Focusing on three adjacent laser scanning ranges in FIG. 1, the three laser scanning ranges partially overlap at the same time. That is, there is a portion where three circles overlap. By doing so, it is possible to prevent the generation of a dead area of laser scanning, that is, a dead area where laser scanning data cannot be obtained.

An example of processing for setting the scan range shown in FIG. 1 will be described below. Five scan ranges are shown in FIG. Each scan range is circular with radius R, and the distance between center positions (machine points) is equal distance a. In this case, the position (X ₂ , Y ₂ ) of the second mechanical point on the horizontal plane and the position of the third mechanical point on the horizontal plane are A calculation of (X ₃ , Y ₃ ) is performed.

Note that FIG. 1 is an example, and it is also possible that the distances between the three machine points are not the same. It is also possible to set four or more scan ranges to overlap.

After determining the horizontal positions of the second and third mechanical points, the vertical positions (Z positions) of the second and third mechanical points are determined. In this process, first, the first point cloud data is obtained from the laser scan data acquired from the first mechanical point. A method of obtaining point cloud data is a normal method. Simply put, from the direction and distance of each scanning point viewed from the laser scanner, the position of each scanning point in a three-dimensional orthogonal coordinate system (XYZ coordinate system) with the optical origin (first mechanical point) of the laser scanner as the origin. A three-dimensional coordinate position (X, Y, Z) is obtained. This can also be regarded as coordinate transformation from the polar coordinate system to the three-dimensional orthogonal coordinate system.

After obtaining the first point cloud data, extract the data of the point closest to the plane position (X ₂ , Y ₂ ) of the second machine point in the first point cloud data, and calculate the Z value of that point. Obtained as the Z position (position in the vertical direction) of the second mechanical point. Thus, the three-dimensional coordinate position (X ₂ , Y ₂ , Z ₂ ) of the second machine point is obtained. In this case, after setting the next machine point (the second machine point) and marking the place with a mark, etc., the three-dimensional position of this next machine point is determined by the total station with a laser scanner. It may be measured by the function and the final determination of the coordinate values of the next machine point may be performed. Also, the three-dimensional coordinate position (X ₃ , Y ₃ , Z ₃ ) of the third machine point is acquired in a similar manner.

As a method of obtaining the Z value of the second mechanical point, there is also the following method. A first alternative method is to use the Z value of the first machine point. This method can be used if it is clear that the next machine point will be set on the same horizontal plane. In this case, after setting the next machine point and marking the place, measure the three-dimensional position of this next machine point with the total station function of the total station with laser scanner, and finally It is also possible to determine the coordinate values of the next mechanical point.

A second alternative method extracts a horizontal plane (e.g., floor or ground) extending in the direction of the second machine point from the point cloud data obtained from the first machine point, and extrapolates the plane to Extending in the direction of the second machine point, drawing a perpendicular from the horizontal position (X ₂ , Y ₂ ) of the second machine point to the extended horizontal plane, and the Z coordinate of the intersection of this perpendicular and the extended horizontal plane How to get the value as _Z2 . In this case as well, the total station function of the total station with a laser scanner may be used to finalize the coordinate values of the next machine point. These other methods are the same for the third mechanical point. A known technique for creating a three-dimensional model from point cloud data is used to extract a plane from point cloud data. This technique is described, for example, in International Publication No. WO2011/070927, Japanese Patent Application Publication No. 2012-230594, and Japanese Patent Application Publication No. 2014-35702.

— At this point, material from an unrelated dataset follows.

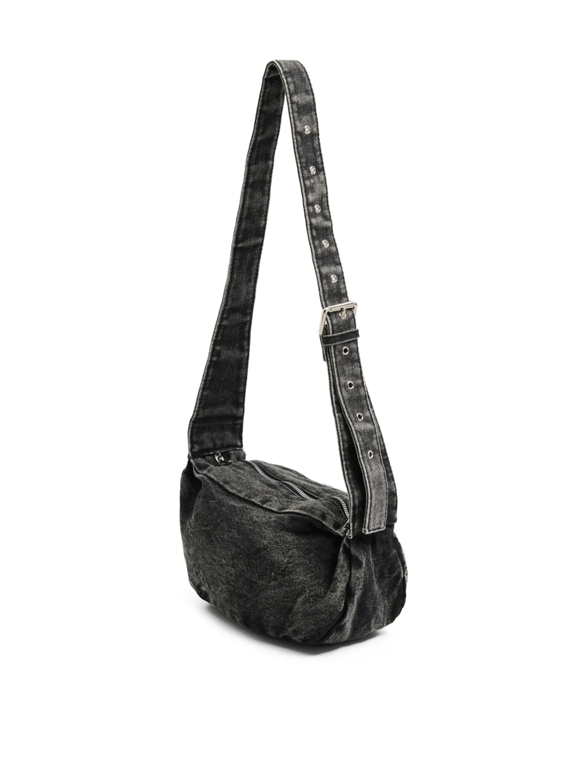 Damska mała torebka wykonana z denimu w szarym kolorze. Ten model wyróżnia wyjątkowy fason i efekt sprania na całej powierzchni. wykonana z łączonych materiałów pasek z regulacją długości główna komora z zapięciem na zamek wewnątrz mała kieszonka z zapięciem na zamek efekt sprania na całości
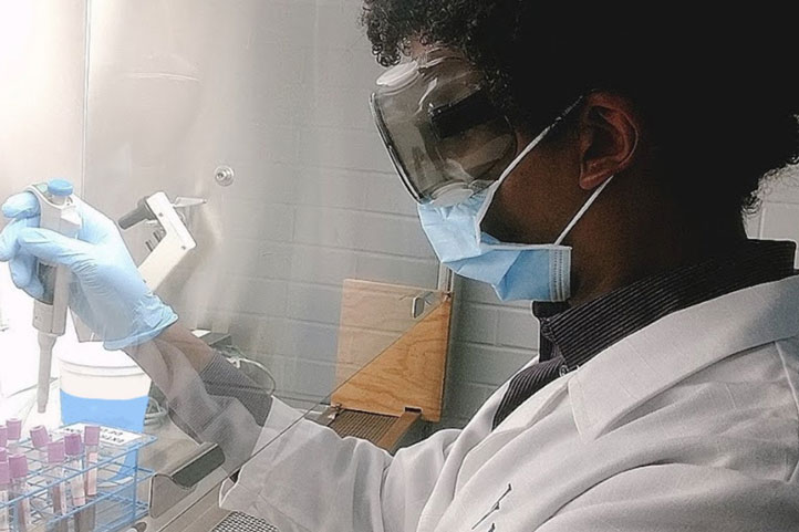 • Daniel Sokani Sánchez Montes, de la Facultad de Ciencias Biológicas y Agropecuarias en la región Poza Rica-Tuxpan, elabora e interpreta pruebas para la detección de Covid-19

To set the fourth laser scanning range, select two adjacent laser scanning ranges set at that stage, and use the same principle as above to determine the position of the mechanical point in the fourth laser scanning range. . By repeating this process, the fifth, sixth, and so on laser scanning ranges are set. Of course, the number of laser scan ranges to be set depends on the size of the area to be laser scanned.

Here, when the setting of the third mechanical point is not necessary, the first laser scanning range centered on the first mechanical point and the second laser scanning range centered on the second mechanical point are , setting a second mechanical point to cover the intended laser scanning target area. In this case, the overlapping portion of the two laser scanning ranges is adjusted so that no unscanned area occurs.

Also, guidance to new machine points is performed using the total station function of the total station with laser scanner. For example, assume that there are four mechanical points set by the above method (see FIG. 1). Now, assume that the laser scanning at the first mechanical point is completed and the total station with the laser scanner is moved to the next mechanical point (hereinafter referred to as the second).

At this stage, a total station with a laser scanner installed at the first machine point irradiates the second machine point with laser marking light. The operator determines the second machine point by, for example, setting a mark at the location marked by the marking light.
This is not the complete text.